Admin: Home Blood Pressure Form

This page will allow you to submit your home blood pressure readings. They will be recorded in your medical records. If needed, our clinical team will contact you to discuss the results. Taking your blood pressure over a one week period once a year (or as frequently as your GP requests) and recording as shown below will help us monitor your blood pressure.

We would recommend a BP machine with an arm cuff rather then a wrist one, these can be purchased from a chemist or online and are affordable. Please watch this video for instructions on how to complete your blood pressure measurement.
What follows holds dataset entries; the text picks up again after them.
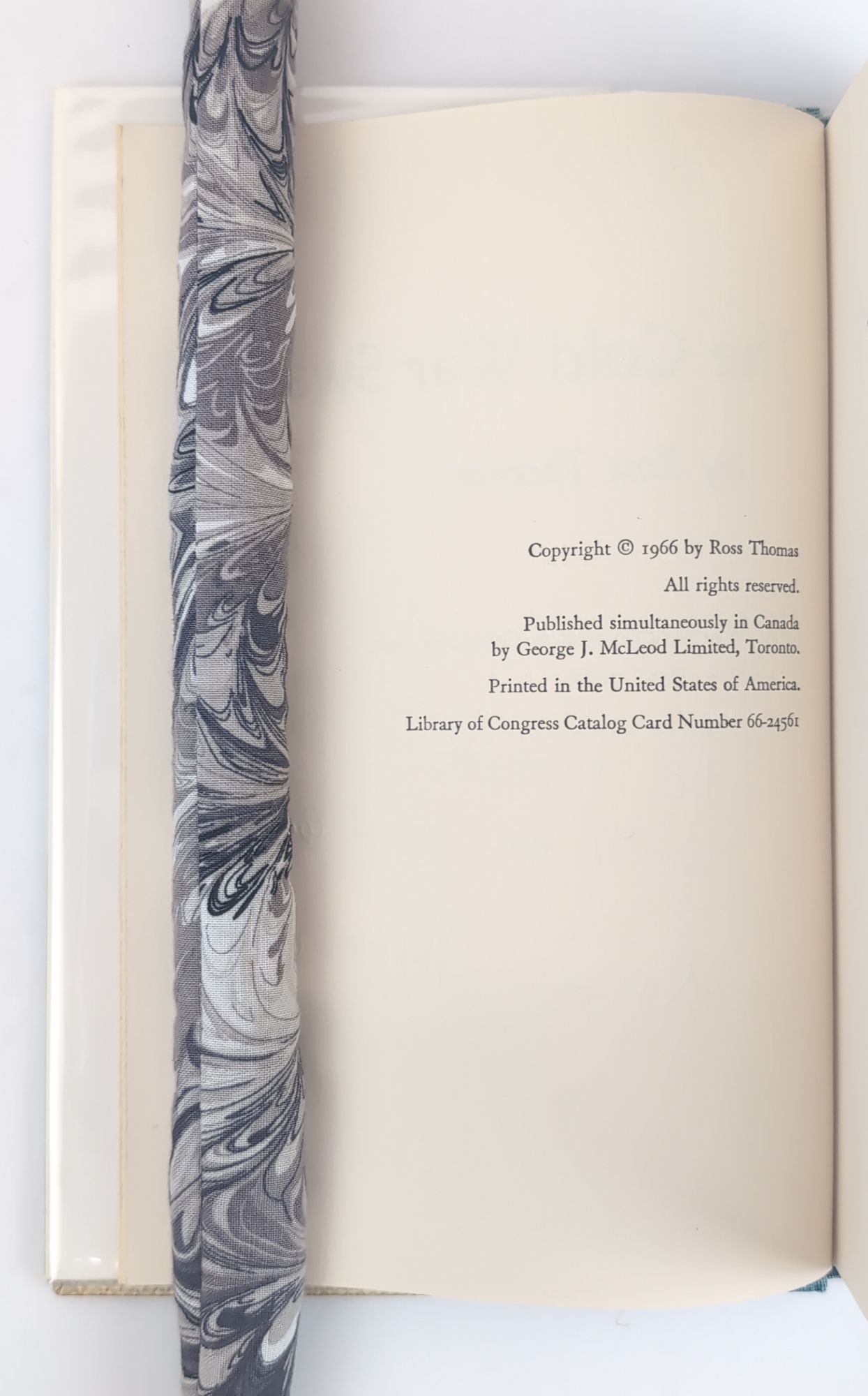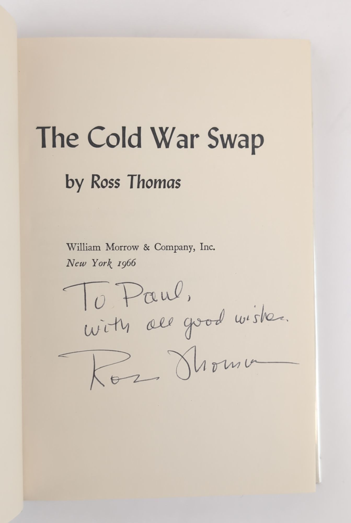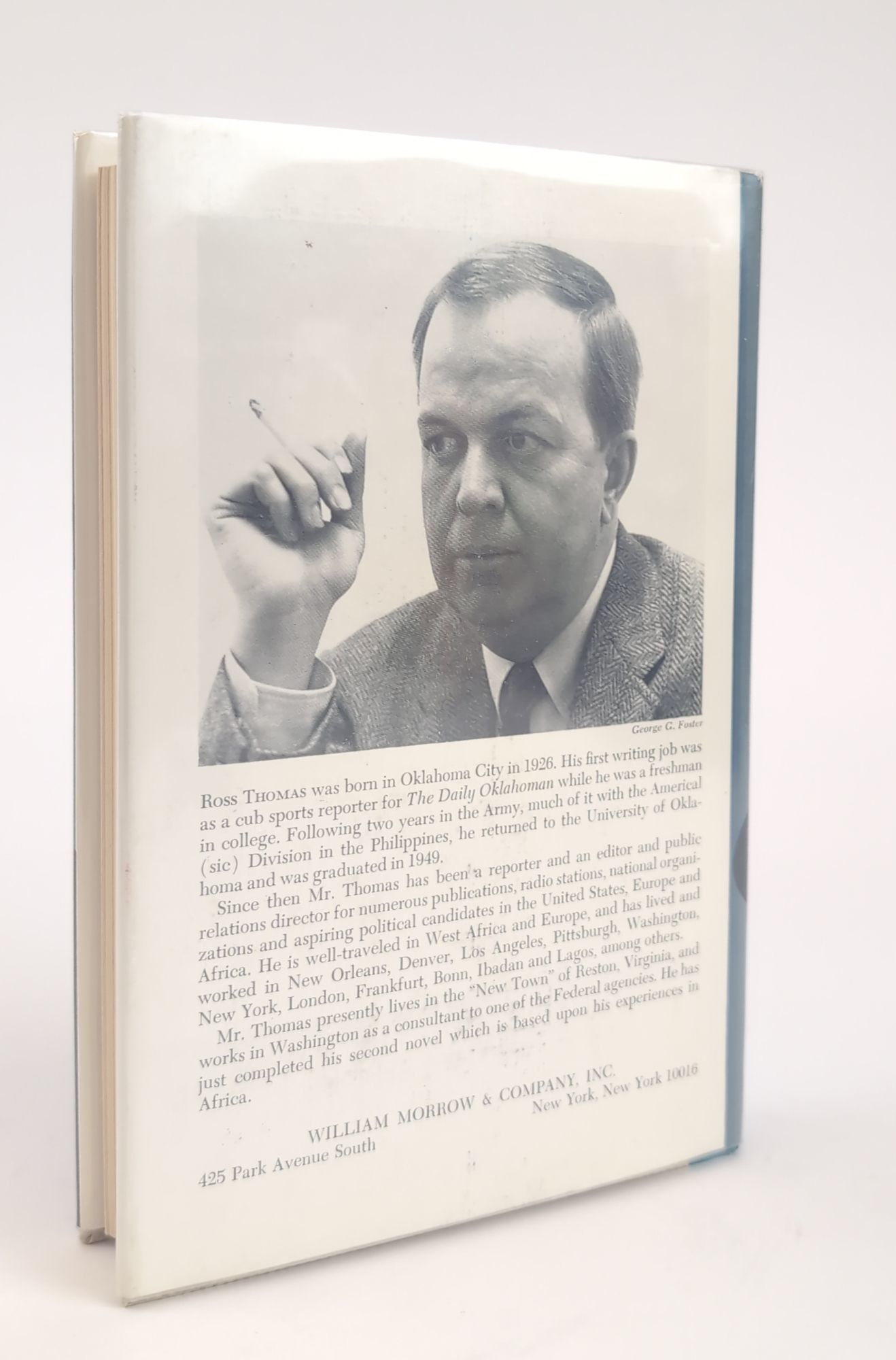 New York: William Morrow & Company, 1966. First Edition, First Printing. Hardcover. Octavo, 222 pages. In Very Good condition with Very Good minus dust jacket. Blue spine with yellow and white text. Dust jacket is protected with a mylar covering, chipping to head of spine, and mild edge and shelf wear. Price uncut '$3.95'. Textblock has small brown stains on fore edge. First state dust jacket with no reviews. Inscribed on title page by Ross Thomas. JW consignment. Shelved case 7. 1381446. Shelved Dupont Bookstore.
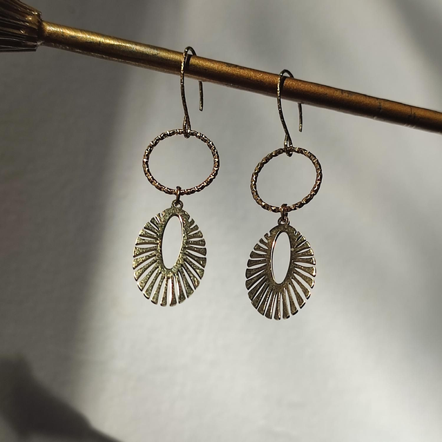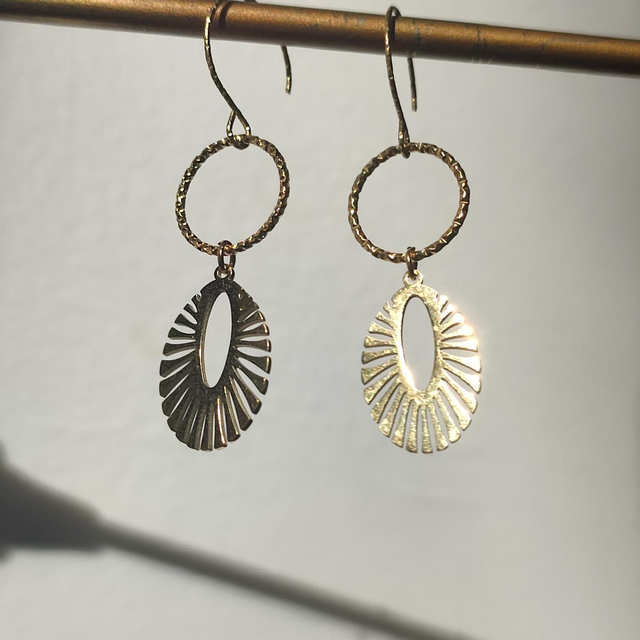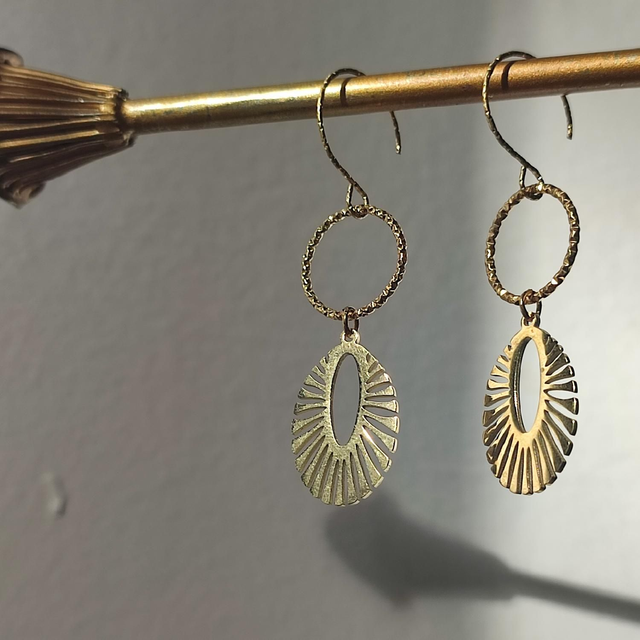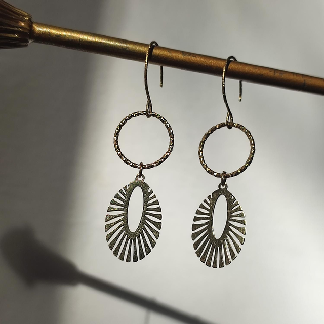 Boucles d'oreilles cercles ciselés en acier inoxydable doré -sans nickel, pièce unique
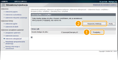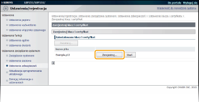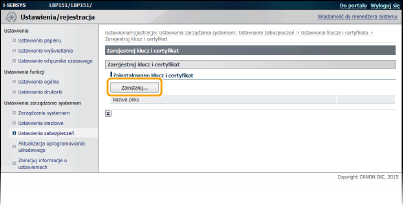 Kliknij pozycję [Ustawienia klucza i certyfikatu], aby zainstalować parę kluczy, lub [Ustawienia certyfikatu CA] w celu zainstalowania certyfikatu CA.
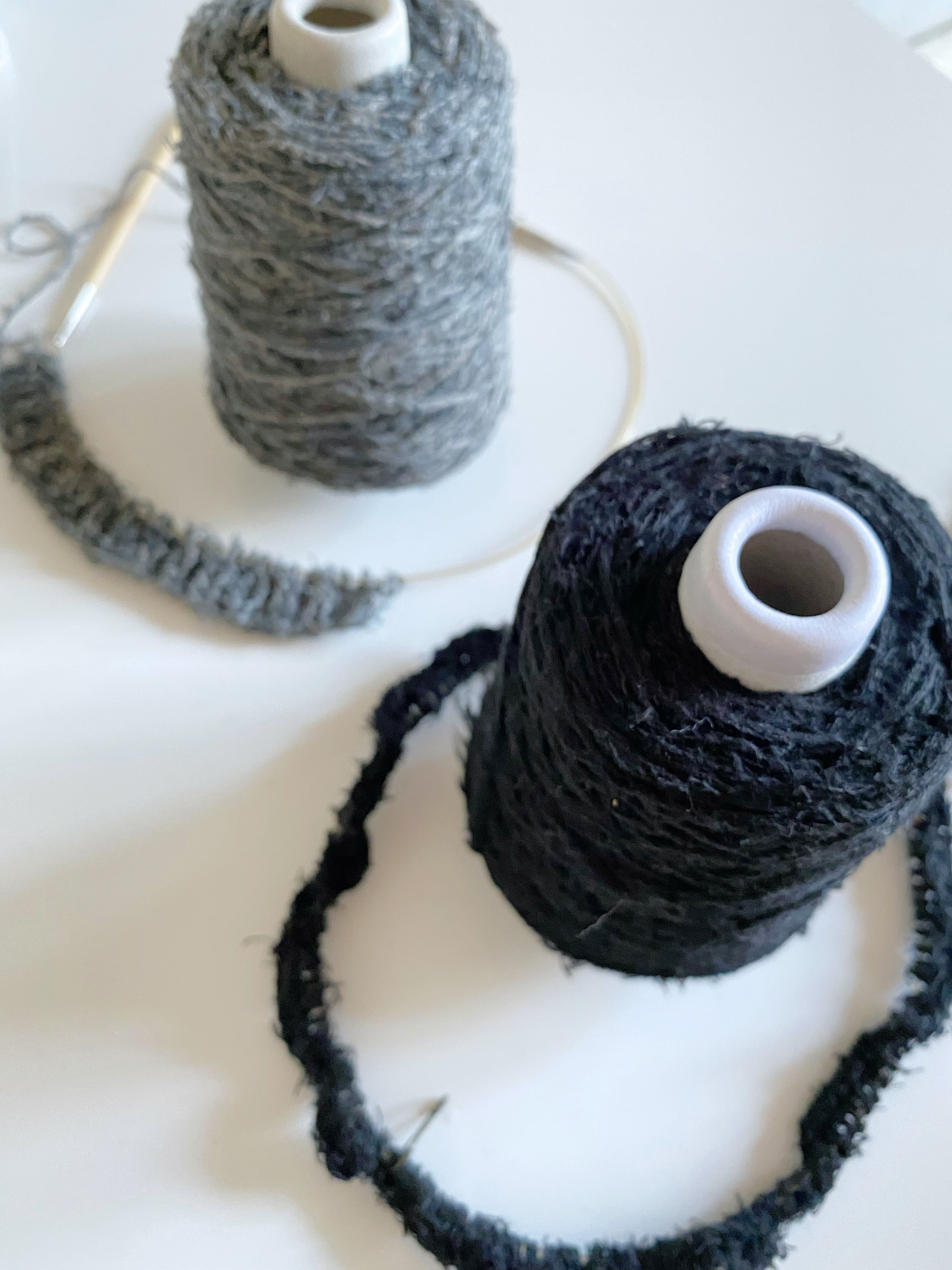 ※糸の特性上かぎ針編みは少し編み地が見にくい場合があります。少し太めの針でざっくり編むと見やすく、糸の特性も活かした編み地に仕上がるのでおすすめです。
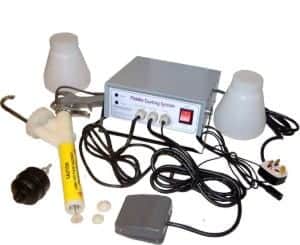 Aan de compressor worden niet al te hoge eisen gesteld. 17 psi of net iets meer dan 1 bar is genoeg druk om een wolk positief geladen poeder in de richting van het onderdeel te blazen en een tank van 25 liter voldoet ook al prima. Met andere woorden, de typische huis en tuin compressor van de bouwmarkt en je bent op weg.

The picture below will help you understands the readings produced from the machine. 

Blood pressure machine labelled

How to take and record your Blood Pressure Readings:

a) It is important to take your blood pressure when you are seated and not talking.
b) Take 2 readings at least a minute apart mornings and evening and record the lowest of the two readings each time
c) Record these readings for 7 days. Morning and evening. 
d) If your machine records the pulse rate also record this.
e) Fill in the name of the patient, date of birth and telephone contact (only use one form per patient)
f) The Message box is optional, please use if you think we should know about anything significant such as if you have had to stop any of your medicines.

Please do not write any clinical queries on this form. Any clinical queries or request for appointments via this form will be discarded. To make an appointment either book online via the NHS app/Patient access or by calling reception 01926 331401. We will start to process your form by the next working day but it will take up to 3 working days to complete. Please DO NOT call before 3 working days as you will not receive a status update from reception or the administrative team. If you are NOT a registered patient then your form will be discarded. This service is only for patients registered at the surgery aged 16 and over; and for parents or legal guardians of children. Forms must be completed in the UK due to GDPR regulations.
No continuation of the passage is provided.